Admiral Bismark snorted.
“Well, I do wish you'd pick and choose your battles a little more carefully, John,” the admiral stated with a nod. “We'll see how this goes and if they want to push it.”
“I think if the family is smart they'll look before they leap. If they don't, then they don't belong in the navy anyway.”
“True,” Admiral Bismark said. “But you and I both know that hasn't stopped them before.”
“True.”
“He really pitched a gimble pontoon drive though? From a video game?”
“Yup.”
“We're so past that.”
“Oh, I don't know, mechanical if it is simple and robust. This design isn't no matter how he dresses it up. The Marines still use something similar in some of their shuttles.
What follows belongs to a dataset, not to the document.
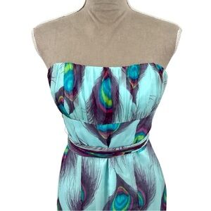 Nanette Lepore Strapless Silk Dress – Peacock Feather Print - Women's Size 4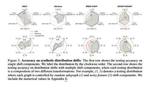 - GraphMETRO는 GOOD 실세계 벤치마크 데이터셋 및 합성 데이터셋에서 기존 방법들 대비 좋은 성능을 보였습니다. Fig 3의 합성 데이터셋 실험에서의 각종 성능 지표를 통해, 전반적으로 GraphMETRO (빨간색 선)는 대부분의 단일 및 다중 분포 변화 환경에서 ERM(파란색 선) 및 ERM-Aug(초록색 선)보다 높은 정확도를 보여주거나 최소한 동등한 성능을 유지합니다. 이는 GraphMETRO가 다양한 유형의 복잡한 분포 변화에 대해 더 강력한 일반화 능력을 가지고 있음을 시사합니다.

Army too for that matter. I'm not interested in it in a starship however.”
Admiral Bismark nodded. “Well, have a good evening,” he said with a cock of his head.
“Yes, sir, I'll do my best,” Admiral Irons said.
Admiral Bismark frowned. “Trouble on the home front?”
Admiral Irons sighed. “No more than usual. What can I say, teenagers. And teenage daughters should be kept in a barrel until they turn twenty-one.”
Admiral Bismark laughed and cut the channel.